To classify the triangle with side lengths 4.8, 28.6, and 29, we first need to check if it satisfies the triangle inequality theorem:
- \( a + b > c \)
- \( a + c > b \)
- \( b + c > a \)
Let’s assign \( a = 4.8 \), \( b = 28.6 \), and \( c = 29 \).
- \( 4.8 + 28.6 = 33.4 > 29 \) (True)
- \( 4.8 + 29 = 33.8 > 28.6 \) (True)
- \( 28.6 + 29 = 57.6 > 4.8 \) (True)
Since all inequalities are satisfied, these sides can form a triangle.
Next, to classify the triangle (acute, right, or obtuse) based on the angles, we will use the converse of the Pythagorean theorem.
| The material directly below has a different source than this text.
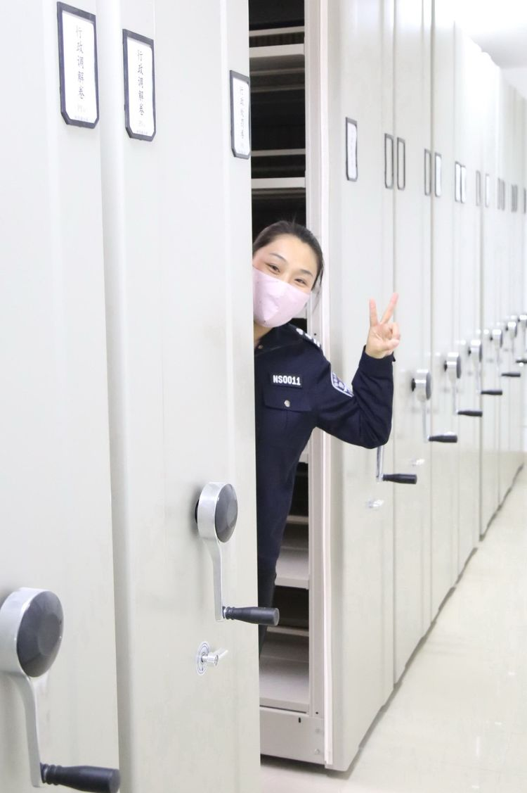 韩月是法制大队案管中心的辅警,负责分局案卷整理工作。今年,南山分局新建了档案管理室,全部换成了手摇式移动档案柜,工作空间增大了,档案室也更加亮堂了。她说:手柄摇一摇,案卷就找到,管理更规范,工作更方便!

We will compare the square of the longest side (\( c = 29 \)) with the sum of the squares of the other two sides (\( a \) and \( b \)).
Calculate \( a^2 + b^2 \): \[ (4.8)^2 + (28.6)^2 = 23.04 + 817.96 = 841 \]
Calculate \( c^2 \): \[ (29)^2 = 841 \]
Now we compare \( a^2 + b^2 \) and \( c^2 \): \[ a^2 + b^2 = 841 \quad \text{and} \quad c^2 = 841 \]
Since \( a^2 + b^2 = c^2 \), the triangle is a right triangle.
Conclusion: The triangle with sides 4.8, 28.6, and 29 is a right triangle.